I made a batch yesterday to share with friends, and in that process both determined that they are superior in every way to my prior favorite recipe, and that this fabulous recipe can be adapted to make it a bit simpler to prepare.

The adaptations are just two: first, the recipe calls for cake flour (7-8% protein) and bread flour (14-16% protein) used in equal amounts. The average protein content is thus about 10 - 12%...exactly the same as the all-purpose flour that you probably have in your cupboards and canisters...so use that instead. I have not yet done the side-by-side comparison, but I can assure you that just using regular flour tastes great.
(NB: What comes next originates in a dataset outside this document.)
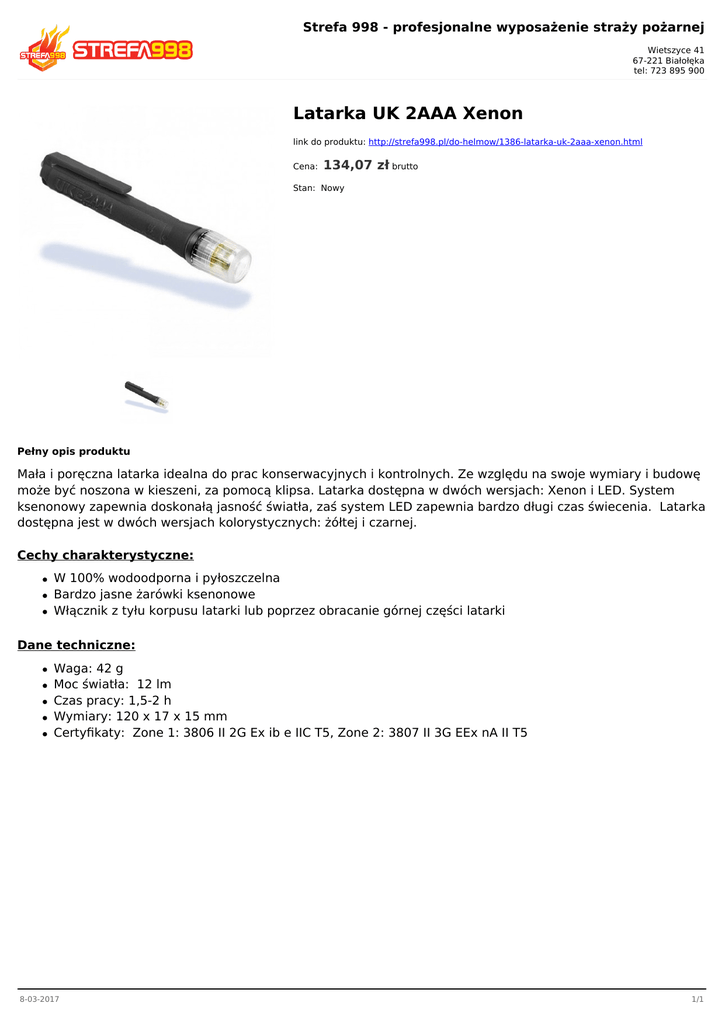 Strefa 998 - profesjonalne wyposażenie straży pożarnej Wietszyce 41 67-221 Białołęka tel: 723 895 900 Latarka UK 2AAA Xenon link do produktu: http://strefa998.pl/do-helmow/1386-latarka-uk-2aaa-xenon.html Cena: 134,07 zł brutto Stan: Nowy Pełny opis produktu Mała i poręczna latarka idealna do prac konserwacyjnych i kontrolnych. Ze względu na swoje wymiary i budowę może być noszona w kieszeni, za pomocą klipsa. Latarka dostępna w dwóch wersjach: Xenon i LED. System ksenonowy zapewnia doskonałą jasność światła, zaś system LED zapewnia bardzo długi czas świecenia. Latarka dostępna jest w dwóch wersjach kolorystycznych: żółtej i czarnej. Cechy charakterystyczne: W 100% wodoodporna i pyłoszczelna Bardzo jasne żarówki ksenonowe Włącznik z tyłu korpusu latarki lub poprzez obracanie górnej części latarki Dane techniczne: Waga: 42 g Moc światła: 12 lm Czas pracy: 1,5-2 h Wymiary: 120 x 17 x 15 mm Certyfikaty: Zone 1: 3806 II 2G Ex ib e IIC T5, Zone 2: 3807 II 3G EEx nA II T5 8-03-2017 1/1

The second adaptation concerns shaping the cookies. Let me be clear: making golf-ball sized scoops out of rock-hard dough was not fun. So for subsequent batches, I scooped the freshly made dough, chilled it and then quickly popped my flat-golf-ball-sized cookie dough balls onto the sheet for baking. Bonus: you can store them in your freezer and quickly whip up a batch for a last-minute treat.

One note about the chocolate. I would love to make these cookies with 1-1/4# (20 oz. or about 3-1/3 cups) of artisinal chocolate disks, but frankly I'm just too lazy to order them on-line or make a pilgrimage to a store that carries them. You can now buy high quality dark chocolate chips by Guittard and other manufacturers at your local Marketbasket or other grocery store; even Nestle's Special Dark chips work well. Of course if you would like to buy several bars of high-end chocolate and chop them for this recipe, you should!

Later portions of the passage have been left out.